Zu den wichtigsten Ritualgegenständen eines Datu, gleichzeitig auch ein äußeres Zeichen seines Amtes, gehört der Tunggal panaluan, der bei fast allen vom Datu praktizierten Riten Anwendung findet, zum Beispiel bei der Herstellung des Pupuk, einer zauberkräftigen Medizin. Während der magischen Handlungen versetzt sich der Datu in rituelle Trance und tanzt mit dem Tunggal panaluan in der Hand. Der Stab dient dabei als eine Art Antenne, um die übernatürliche Kraft der Götter und Dämonen zu bündeln und auf den Magier überzuleiten.[2]

Beschreibung

Für seine Riten nutzt der Datu eine Vielzahl von magischen Gegenständen: Amulette (oft beschriftet), Behältnisse, um Medizinen und Substanzen herzustellen und aufzubewahren, sowie magische Kalender (Porhalaan) und Zauberbücher in Geheimschrift (Pustaha). Die auffallendsten Objekte sind jedoch die Zeremonialstäbe. Bei den Batak gibt es zwei Arten von rituellen Stäben: Tunggal panaluan und Tunggal malehat. Sie unterscheiden sich deutlich im Aussehen, ob sie aber auch in ihrer magischen Funktion unterschiedlich sind, ist nicht ganz geklärt.

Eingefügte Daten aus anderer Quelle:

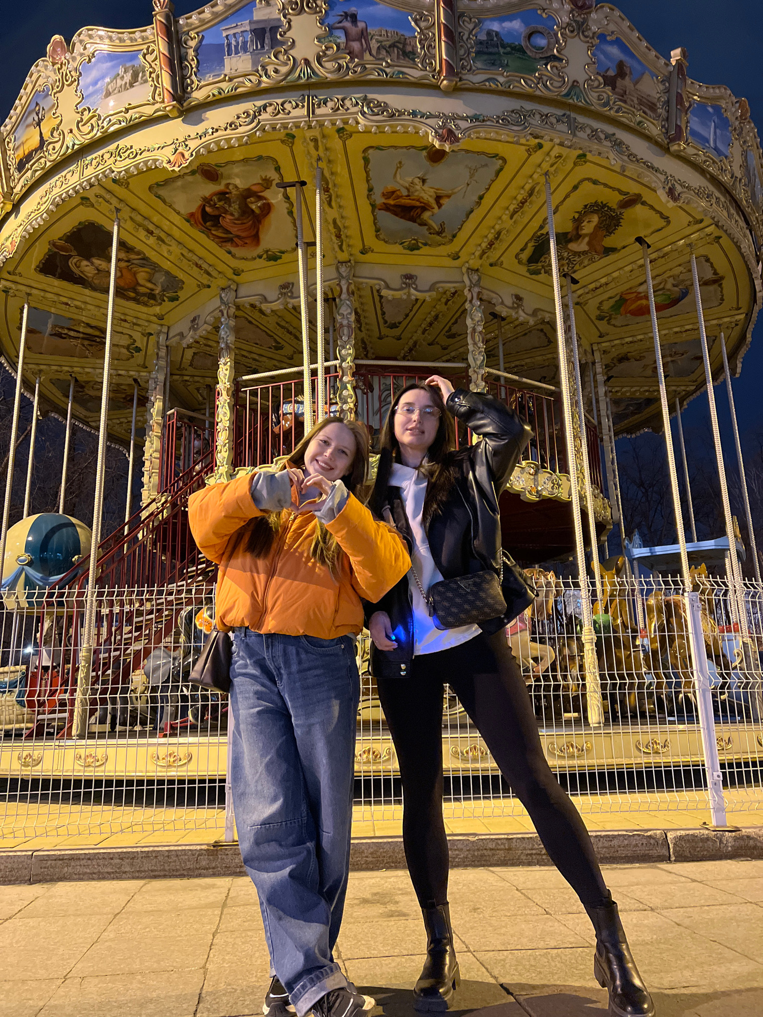 Two young women pose in front of a carousel in Tyumen, Russia. One wears an orange jacket and jeans, making a heart shape with her hands. The other wears a black leather jacket and leggings. The carou…read more

Tunggal panaluan sind 110 bis 180 cm lange Stäbe aus Hartholz, die in ihrem oberen Teil über ¾ ihrer Länge mit reichhaltiger Schnitzerei versehen sind (beim Tunggal malehat ist nur das obere Ende geschnitzt). Die Motive, menschliche und tierische Gestalten sowie Mischwesen, stehen übereinander und gehen teilweise ineinander über. Den Stab krönt eine freistehende Figur oder ein Menschenkopf.[3] Die Schnitzerei folgt einem einheitlichen Schema, ist jedoch in der Anordnung der Motive, in den Details und in der Ausführung unterschiedlich, denn jeder Stab wird für einen Datu speziell hergestellt. Das obere Ende des Stabes ist mit Stoffstreifen umwickelt, die eine Art Turban bilden. In diesen „Turban“ soll angeblich das präparierte Gehirn eines geopferten feindlichen Kindes – die Batak waren Kopfjäger – eingewickelt worden sein. Untersuchungen von Tunggal panaluan in europäischen Völkerkundemuseen konnten dies bisher nicht bestätigen. Aus dem „Turban“ ragt ein langes, menschliches Haarbündel heraus.

Sage

Der niederländische Missionar J. H. Meerwaldt, der Ende des 19. Jahrhunderts für die Rheinische Missionsgesellschaft in der Toba-Region tätig war, hat den mythischen Hintergrund aufgezeichnet, der dem Ursprung der Tunggal panaluan zugrunde liegt (es sind mehrere, lokal unterschiedliche Versionen überliefert):[4]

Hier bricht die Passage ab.